Aclarado entonces que ser modestos no requiere autoexcluirse de la calificación de intelectual, entremos en materia. A los intelectuales se les atribuye un papel especial en la vida pública, quizás al menos desde la época en que Platón pensara su república de sabios. Pero aquéllos eran sin duda otros tiempos, donde la democracia significaba algo distinto. Hoy, la democracia significa lo que no tenemos y aquello por lo que luchamos: iguales posibilidades materiales e iguales derechos, presupuesto imprescindible para desarrollar de verdad la diversidad individual y enriquecer certeramente la vida social. No me cabe duda de que nada de esto será posible con el capitalismo, a pesar de lo cual algunos intelectuales prefieren imaginar que lo único que es posible es el capitalismo (llueven los media sobre sus cabezas sin paraguas, sus cerebros hacen de filtro, y hablan sus bocas: “amén, Fukuyama”).
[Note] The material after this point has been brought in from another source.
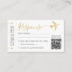 Elegant script black and gold aeroplane ticket boarding pass MINI RSVP Response Card with QR code, a perfect addition to a destination wedding or aviation travel theme reception invitation for the globetrotter couple having a wedding abroad.
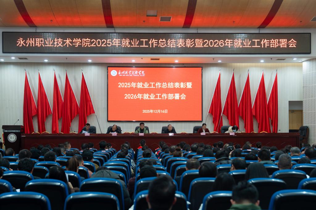 为深入贯彻党中央、国务院关于高校毕业生就业创业工作的决策部署,全面总结2025年就业工作成效,表彰先进典型,精准部署2026年重点任务,12月16日,永州职业技术学院隆重召开2025年就业工作总结表彰暨2026年就业工作安排部署会。学校党委书记黄小明、党委副书记李勇,党委委员、纪委书记宾柱元,党委委员、副校长裴有为,党委委员、宣传统战部部长黄义君,党委委员、组织人事处处长罗素琼,各职能处室、教辅机构正科以上中层干部,二级院部副科以上干部,2025届、2026届毕业班辅导员,招生就业指导处及创新创业中心全体人员参加了会议。会议由党委副书记李勇主持。

Pero me quiero fijar aquí en un aspecto del papel de los intelectuales, a los que, gracias a Dios (que no existe), no represento. Precisamente en este aspecto quiero insistir: cada intelectual tiene que pensar por su cuenta; si no, será sólo intelectual por decreto. Por ejemplo, si mi trabajo se incluye en el “personal docente e investigador” de la universidad, siempre habrá alguna EPA y algún funcionario del INE o de otro organismo que me encasillará, por ese solo motivo, entre los intelectuales. Pero el auténtico intelectual es el que va notando cada vez más nítidamente su soledad de corredor de fondo, y no le importa. Recuerda que antes corría en medio de un pelotón amplio, pero también que --no sabe muy bien por qué-- la gente que había a su alrededor ha ido desapareciendo. Se han ido metiendo en callejones sin salida --que, como en las películas de Hollywood, están siempre llenos de cubos de basura--; o se han dejado deslumbrar por anuncios fluorescentes, y a menudo sonoros, y han perdido el rumbo; o se han parado a descansar, derrotados, en algún bar de esquina... Uno sigue corriendo a paso tranquilo, en dirección a la meta que desde un principio se fijó, o le fijaron, o no tenía más remedio que fijarse, y no entiende qué es lo que hacen los demás (que, encima, de vez en cuando le gritan como si fuera él el que ha descarrilado).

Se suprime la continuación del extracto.